HKBP dan Kementerian Agama Bersinergi Serukan Penutupan Perusahaan Perusak Lingkungan di Tanah Batak

Dokumentasi

Jakarta (28/5) – Ephorus Huria Kristen Batak Protestan (HKBP) bersama tokoh masyarakat Sumatera Utara melakukan pertemuan dengan Menteri Agama, K.H. Nazaruddin Umar, pada Rabu sore. Pertemuan ini bertujuan untuk menyerukan aksi pelestarian lingkungan hidup di Tanah Batak, Sumatera Utara, menyusul dugaan kerusakan alam yang masif oleh sejumlah perusahaan swasta yang dikhawatirkan mengancam keberlanjutan hidup masyarakat Batak.

Seruan Penutupan Perusahaan Perusak Lingkungan

Dalam pertemuan tersebut, Ephorus HKBP, Pdt.

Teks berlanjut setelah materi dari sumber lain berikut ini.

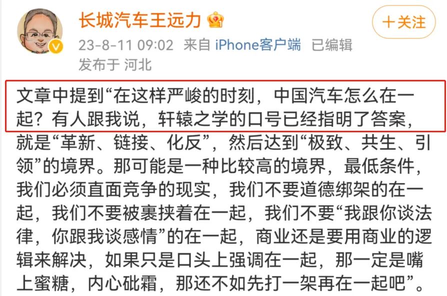 也有人提出异议。8月11日上午,微博认证长城汽车CTO王远力发布动态,疑似回应比亚迪上述口号称:“在这样严峻的时刻,中国汽车怎么在一起?”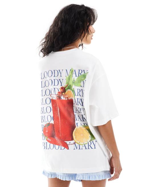 ASOS DESIGN – Oversize-T-Shirt in Weiß mit Bloody Mary Grafik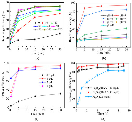 Fe3O4@HAAP was applied to treat kaolin simulated wastewater, and the different conditions were explored. The experimental results are shown in Figure 6. In order to compare the effects of different dosages, 0~120 mg/L of Fe3O4@HAAP was added to the wastewater, respectively. When the dosages were below 40 mg/L, the removing efficiency was less than 85% at 30 min. While the dosages further exceeded 50 mg/L, the removing efficiency was over 90% at 30 min. The removing efficiency reached 91.53% when the dosage was 50 mg/L (Figure 6a). Under acidic conditions, the zeta potential of Fe3O4@HAAP was positive and the surface was positively charged. The material could be combined with the negatively charged kaolin by electroneutralization to achieve the agglomeration. However, the low-dose flocculant was not enough to realize the electric neutralization mechanism, and reduced the possibility of collision, which caused the poor flocculation effect. In addition, the excessive dosage caused the contact site between the kaolin particles and the flocculant to be covered, the bridging effect was weakened, and the electrostatic repulsion between the floc was dominant, which made the floc unstable and was not conducive to the agglomeration of particles.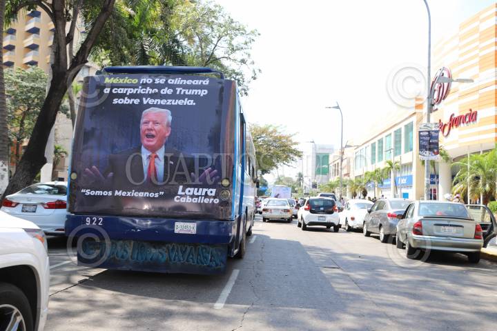 ACAPULCO, GUERRERO, 18FEBRERO2019.- Camiones del trasporte urbano circulan con propaganda con la imagen de Donal Trump, presidente de Estados Unidos, y la posición de México ante la situación de Venezuela. FOTO: BERNANDINO HERNÁNDEZ /CUARTOSCURO.COM

Victor Tinambunan, secara tegas menyerukan penutupan operasi PT Toba Pulp Lestari (TPL) dan PT Aquafarm Indonesia. Pdt. Victor menuding PT TPL telah bertahun-tahun merusak hutan tanaman industri dan lahan hutan milik rakyat dengan menanam eukaliptus di atas tanah adat masyarakat Desa Tanumingka, Kecamatan Borbor, Kabupaten Toba, Sumatera Utara.

Sementara itu, PT Aquafarm Indonesia dituding telah merusak Danau Toba dengan membangun keramba jaring apung dan pernah membuang limbah ikan busuk, padahal Danau Toba adalah sumber air kehidupan bagi masyarakat.

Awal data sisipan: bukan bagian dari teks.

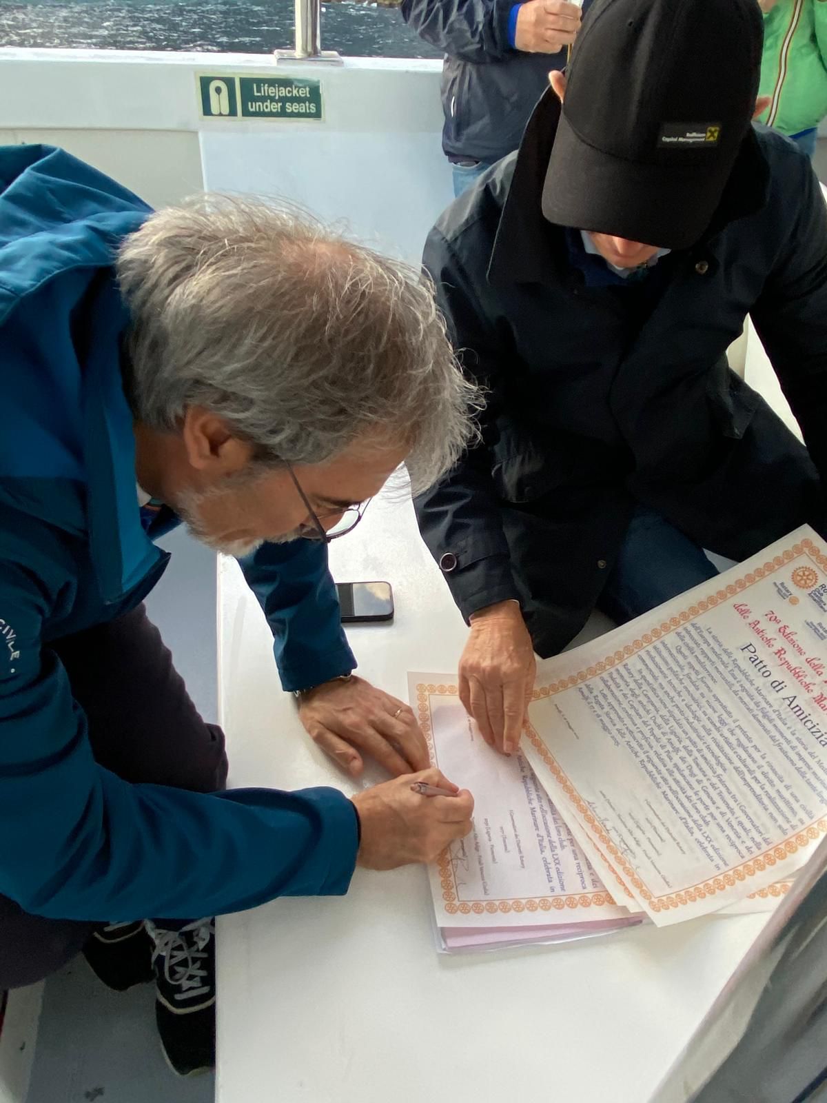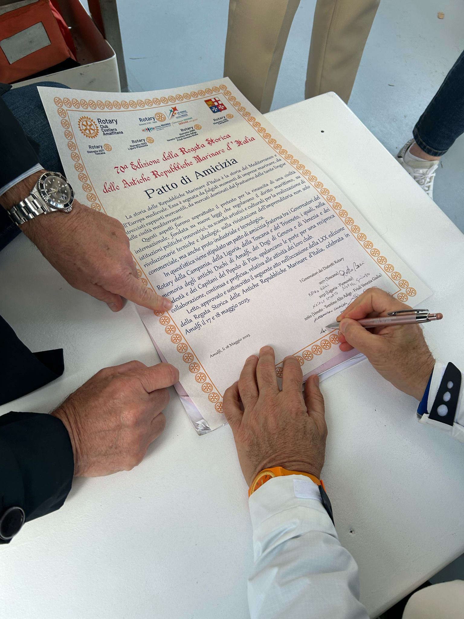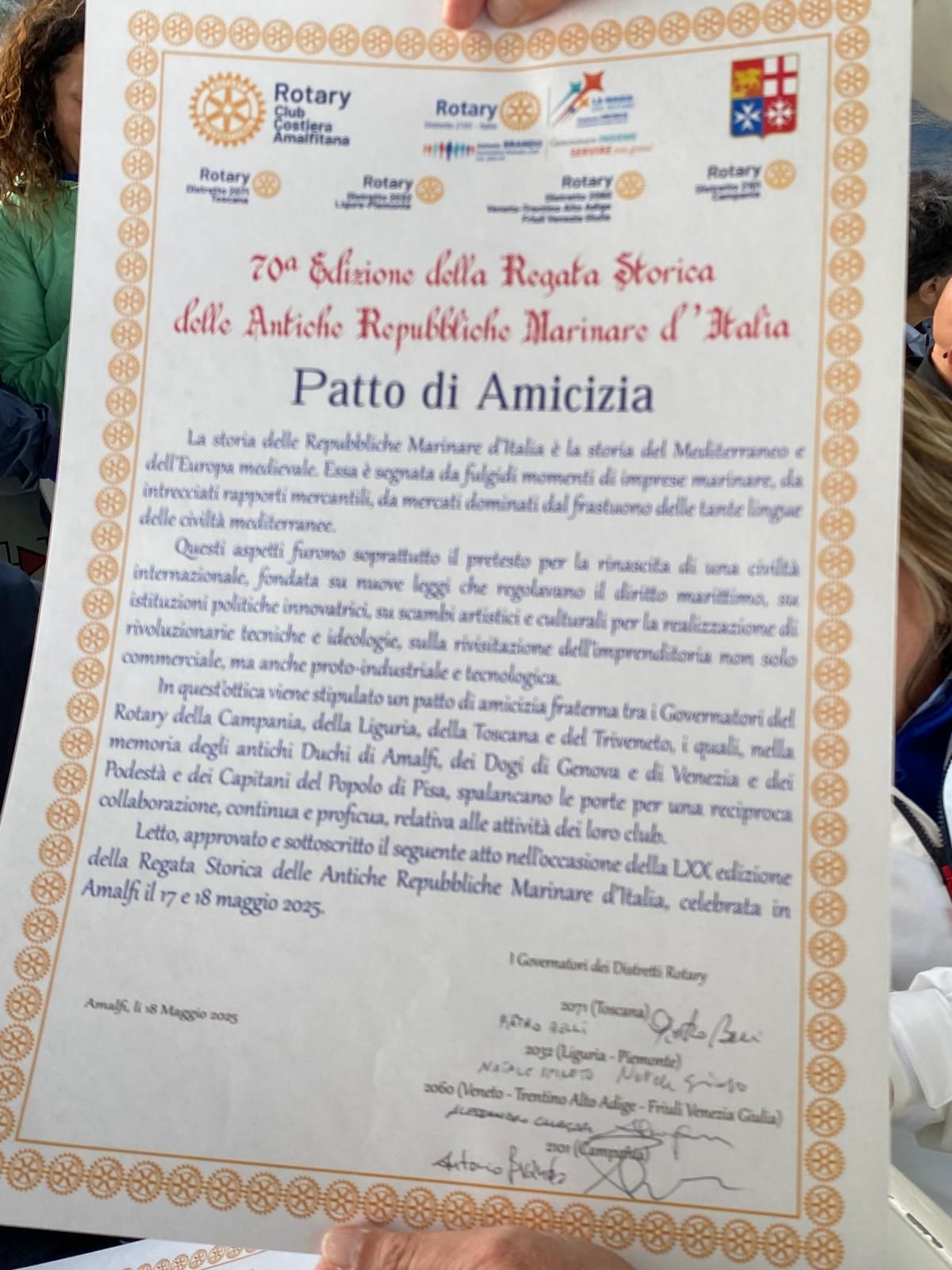 In quest’occasione si è anche siglato il gemellaggio con la sottoscrizione del ” Patto d’Amicizia” fraterna rotariana fra i quattro Distretti Rotary coinvolti (2032, 2060, 2071, 2101). Oltre i Governatori dei Distretti erano presenti anche i Presidenti dei Club delle città delle Repubbliche marinare, per suggellare con maggiore forza il Patto d’Amiciza.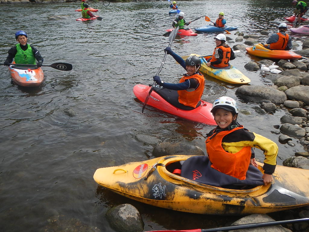 川の中の流れ、瀞とに設定したゲートを通過し、自転車タイヤにパドルをくぐし、回転セッションでは転覆復元するロールでボーナス得点も。年齢的ハンディーを考慮しつつ、早く、正確さを点数換算する面白くも真剣なレースなんです。

“Gereja harus memikirkan, mengasihi generasi yang belum lahir sekarang,” ujar Pdt. Victor, menegaskan tanggung jawab agama terhadap kelestarian lingkungan. Ia juga menyatakan bahwa pimpinan gereja di Sumatera Utara, termasuk Keuskupan Agung Medan, telah bulat tekadnya untuk menyuarakan penutupan TPL. HKBP telah berkomunikasi dengan Kementerian Kehutanan dan kini dengan Kementerian Agama, karena merawat alam juga merupakan bagian dari ajaran agama.

“Bagaimana mengotori alam ini adalah dosa,” tegas Pdt. Victor, menggarisbawahi dimensi teologis dari pelestarian lingkungan.

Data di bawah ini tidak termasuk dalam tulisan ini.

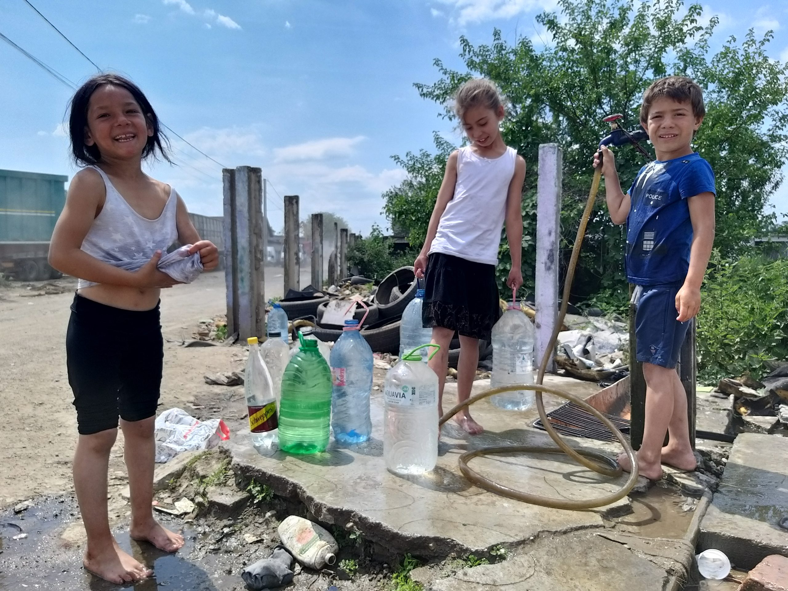 ARAD. Darius, Natalia şi Anastasia. I-am găsit fericiţi, făcând provizii de apă potabilă de la robinetul aflat la intersecţia străzilor Mărului şi Sabinelor. Erau desculţi şi cu hainele ude leoarcă. Le mai storceau din când în când, ca să le poată uda din nou cu câte un jet ce ţâşnea din furtun. Căci, dincolo de treaba pe care o aveau, copiii se jucau. Se mai şi răcoreau, că, deh, afară erau 27 de grade… Se mai şi protejau de praful pe care îl lăsau în urma lor maşinile mergând pe drumul de pământ… Şi poate se mai şi spălau oleacă.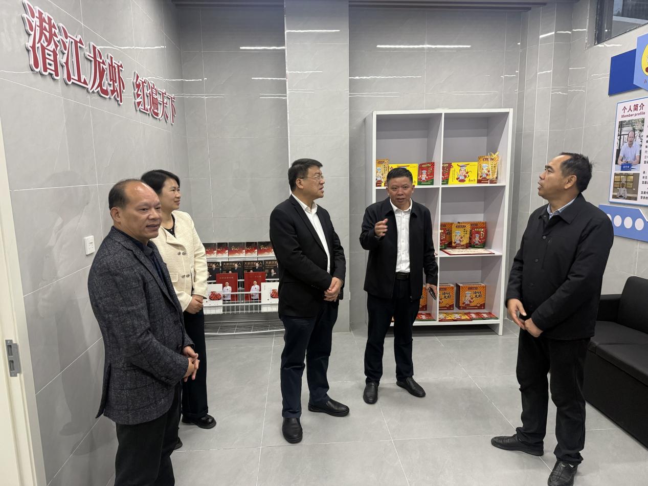 作为深度合作共建单位代表,beat365在线体育官网登录入口党委副书记、校长程伦嵩,潜江龙虾产业学院副院长喻正升,潜江油焖大虾非遗传承人、学院客座教授李代军共同参与接待,并就工作室建设进展及产业赋能成效作详细汇报。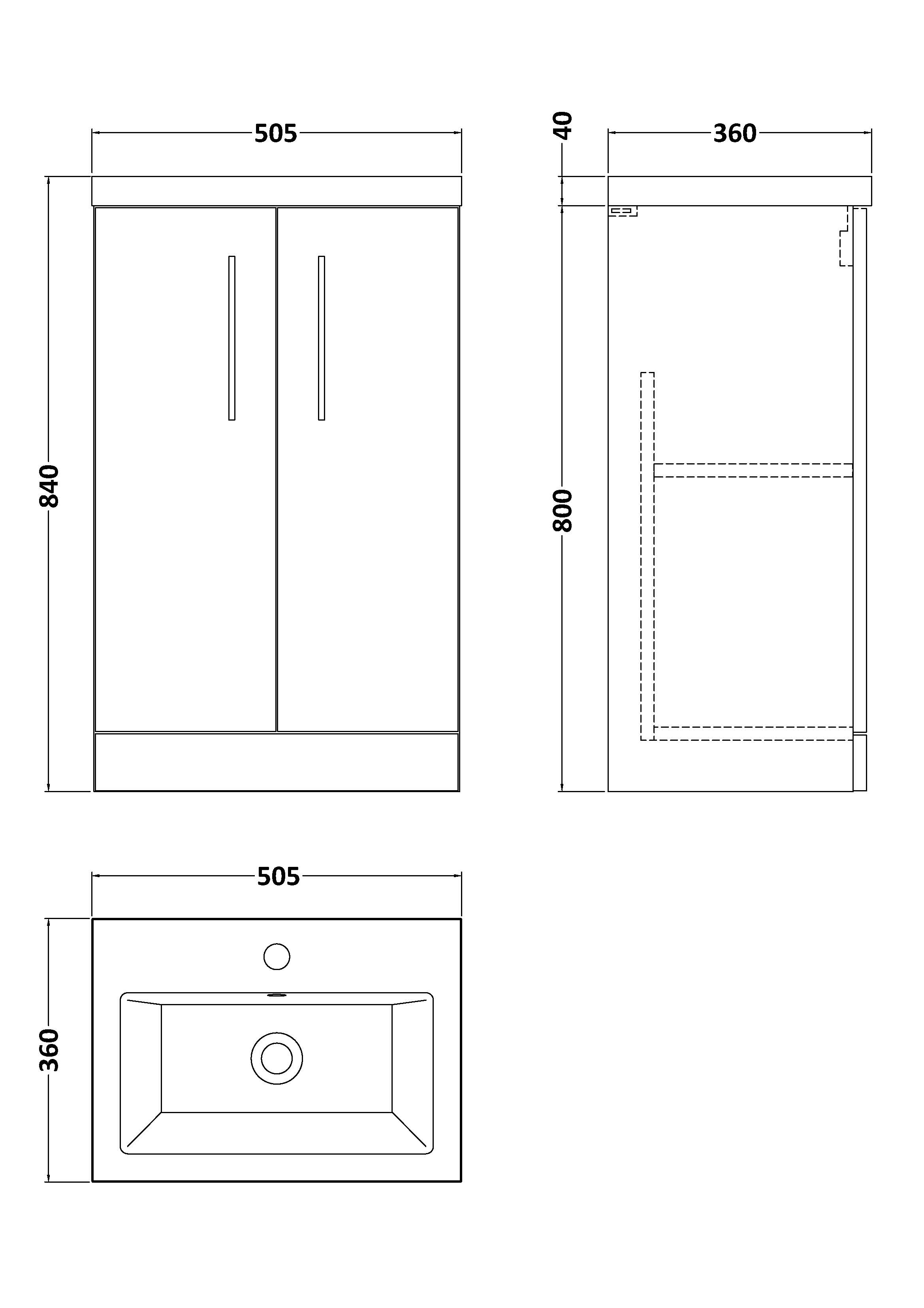 500mm Floor Standing 2 Door Vanity & Ceramic Basin by Ultra

Respon Menteri Agama: Ekoteologi dan Kurikulum Cinta Lingkungan

Menteri Agama, K.H. Nazaruddin Umar, menyambut baik seruan ini dengan pendekatan ekoteologi, yaitu relasi teologis-filosofis antara ajaran agama dan alam, khususnya lingkungan. Beliau menyoroti bahwa luasnya kerusakan hutan di Tapanuli Utara telah mengganggu kehidupan 3,4 juta warga dan berdampak pada perubahan iklim secara keseluruhan.

“Mari kita menjadikan kewajiban agama untuk memperbaiki, memelihara, mempertahankan ekosistem, menyelamatkan planet kita,” ujar Menteri Agama. Ia juga membandingkan dampak kerusakan lingkungan dengan perang, di mana korban akibat perubahan iklim bisa mencapai satu juta per tahun, jauh lebih dahsyat daripada korban perang.

Kementerian Agama, lanjutnya, berencana memasyarakatkan kurikulum cinta lingkungan di kalangan anak didik, agar mereka dapat saling mencintai satu sama lain, sekalipun berbeda agama, etnik, jenis kelamin, atau kewarganegaraan.

Upaya Ephorus HKBP ini rencananya akan disampaikan juga ke Kementerian Lingkungan Hidup dan pemangku kepentingan lainnya, agar seruan penutupan kegiatan usaha swasta yang merusak alam ini dapat ditindaklanjuti.